Did you know there is an annual federal gift tax exclusion AND a lifetime gift exemption, which was raised to $5.49 million in 2017? Gift taxes are often a confusing topic. Fortunately, it is not that difficult to explain. Here are a few common questions and answers about the gift tax.
- What is the gift tax? The gift tax is a potential financial obligation on the part of the giver of any gift.
- Who pays the gift tax? The giver pays the tax. The receiver does not.
- When does the gift tax apply? Gift taxes may apply when any asset is transferred to another without the full value of the item being paid in return. There are many situations where the gift tax may not apply. For example, medical or student expenses paid as a gift are exempt from the tax. Additionally, there are yearly and lifetime exclusions, and if the gifts are under these amounts, no tax will be owed. Finally, gifts to your spouse or a political organization are exempt.
- In 2011, the estate tax and gift tax exclusions were combined. Now, there is a lifetime limit of 5.49 million dollars, which can be gifted before the gift tax kicks in. This means that most people won’t have to worry about the gift tax, as this is quite a sizeable sum for much of the population.
- There is also an annual exemption. Any gifts you make that are under $14,000 annually will not count against your lifetime limit of $5.49 million. You can spread gifts out to multiple individuals without going over your limit as well. Giving $12,000 each to 3 different people will not count against your lifetime limit since you’re under the allowable $14,000 per person, per year. However, a gift of $36,000 to one person would end up with a gift tax liability for $22,000.

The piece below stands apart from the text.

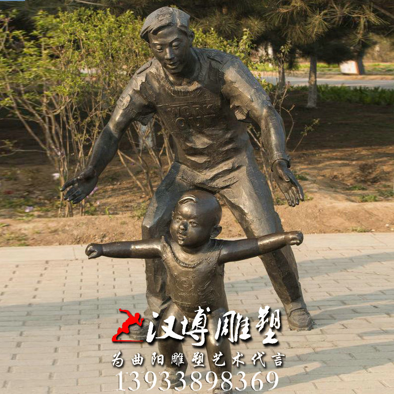 名称:小孩学走路雕像,父爱主题雕塑,玻璃钢铜雕

- The $5.49 million estate tax exemption means that on your death, your estate will not be liable for federal or gift taxes as long as the combined worth of your estate + any gifts made over the $14000 annual limit is less than $5.49 million dollars.
So, if you are looking to give gifts, take full advantage of the $14,000 yearly exclusion. Spreading your gifts out so that each recipient receives less than $14,000 per calendar year means that your estate will have as little tax burden as possible when it is left to your heirs. Always consult a tax advisor for further information about tax related issues.